Les nappes profondes correspondent la plupart du temps à des aquifères captifs, c’est-à-dire délimités au-dessus et au-dessous par des couches imperméables (de type argileux). L’eau d’une nappe profonde est donc généralement sous pression.

Creuser un forage jusqu’à cet aquifère va donc créer une différence de pression. L’eau va monter dans le puits pour s’équilibrer avec la pression de l’air.
Le niveau d’équilibre est appelé surface piézométrique (quelquefois la surface piézométrique est au-dessus du niveau du sol. Le puits va alors déborder, c’est ce que l’on appelle un puits artésien).

Lorsque la couche géologique renfermant la nappe profonde arrive à l’affleurement, l’aquifère devient libre.

Attention, un puits même peu profond peut atteindre une nappe profonde ! Les couches géologiques ne sont pas horizontales, elles peuvent remonter près de la surface.

Les nappes profondes sont protégées dans le cadre du SAGE Nappe profonde de Gironde (Crétacé, Eocène, Oligocène, Miocène). Renseignez-vous sur le site de la DREAL Aquitaine

Y a-t-il un lien entre tous ces réservoirs d’eau ?

L’eau, présente à la surface de la Terre, est constamment en mouvement. Elle circule plus ou moins lentement et passe par des chemins souvent invisibles pour l’homme. C’est ce que l’on appelle communément le cycle naturel de l’eau.

Environ 20% de l’eau issue des précipitations s’infiltre dans le sol. Quels sont ses passages souterrains ? Comment peut-on la capter ? Quels liens entretient-elle avec les eaux de surface ?

Au travers de vidéos et d’interviews, nous vous emmenons dans un voyage vers l’invisible à la découverte des eaux souterraines avec la balade virtuelle que nous avons réalisée pour le compte du BRGM Aquitaine. 

Quelle est la différence entre porosité et perméabilité ?

La porosité est la capacité d’un matériau à contenir de l’eau. Pour un échantillon de roche, la porosité totale est égale au volume des vides divisé par le volume total.

Quelques exemples de roches :
– à porosité nulle : le marbre, les roches évaporitiques (sels, anhydrites..)
– à porosité forte : les argiles

On ne peut pas prélever l’eau contenue dans les argiles car c’est de l’eau de rétention, « coincée » entre les feuillets.
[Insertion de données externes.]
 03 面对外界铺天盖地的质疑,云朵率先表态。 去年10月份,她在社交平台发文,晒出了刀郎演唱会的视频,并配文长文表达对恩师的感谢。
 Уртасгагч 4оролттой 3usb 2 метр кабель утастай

Seule la chaleur peut libérer cette eau. Les plantes ont toutefois la capacité de la puiser. On distingue ainsi la porosité totale de la porosité efficace (voir le schéma ci-contre).
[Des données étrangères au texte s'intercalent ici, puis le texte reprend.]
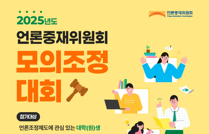 위원회가 언론조정제도에 관심 있는 대학(원)생을 대상으로 모의조정대회를 개최합니다. 이번 모의조정대회의 참가 접수는 7월 20일(일)까지이며, 팀 단위(3~5명)로 참가 신청을 받습니다. 참가자들은 사전교육을 이수한 후 모의조정 시나리오를 제출하게 되며, 시나리오 사전심사를 거쳐 선발된 상위 3개 팀은 9월 25일(목) 모의조정 경연을 통해 금·은·동상을 가리게 됩니다. 상금 규모는 총 600만원이며, 일정 및 심사기준 등 자세한 내용은 위원회 홈페이지(www.pac.or.kr)를 참고하시기 바랍니다.

La perméabilité est la capacité d’un matériau à se laisser traverser par l’eau. Une roche très poreuse peut être faiblement perméable (comme les argiles : les pores ne sont pas reliés entre eux).
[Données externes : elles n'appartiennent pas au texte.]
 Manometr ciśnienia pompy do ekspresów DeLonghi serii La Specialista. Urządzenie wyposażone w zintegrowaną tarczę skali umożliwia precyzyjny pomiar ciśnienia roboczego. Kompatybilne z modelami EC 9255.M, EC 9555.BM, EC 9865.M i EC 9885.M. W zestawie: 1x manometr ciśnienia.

Quelques exemples de roches :

  • à perméabilité faible : argiles, granites
  • à perméabilité forte : sables, graves, calcaires

A quoi ressemble le bassin aquitain ?

Le sous-sol de l’Aquitaine est composé essentiellement de calcaire. Ce calcaire se présente sous forme de différentes couches géologiques, chacune déposée à une période donnée.

Toute l’histoire du bassin et le contexte hydrogéologique de l’Aquitaine est présenté dans cette vidéo, réalisée par Ceseau et Com by AVM pour le compte du BRGM Aquitaine.

En résumé, l’Aquitaine a subi au cours des temps géologiques de nombreuses transgressions et régressions, c’est-à-dire respectivement, des montées et descentes du niveau marin. Lors des périodes de haut niveau marin, le calcaire s’est déposé au fond de l’océan. Lors des régressions, des couches d’argile et de marnes ont pu se déposer à certains endroits.

Ces alternances de dépôts entre des couches poreuses et perméables (les aquifères) avec des couches imperméables, ont donné naissance à un bassin sédimentaire très particulier : cette configuration nous permet de bénéficier en Aquitaine de nappes souterraines profondes, entièrement préservées de la surface !

Les dépôts se sont légèrement « enfoncées » sous l’effet de leur poids (phénomène de subsidence), ce pourquoi ils ne sont pas tout-à-fait horizontaux. De plus, ils ont subis des déformations liées à la formation des Pyrénées il y a 52 millions d’années : certaines formations géologiques peuvent être fissurées ou plissées pour affleurer à des endroits (c’est-à-dire remonter à la surface).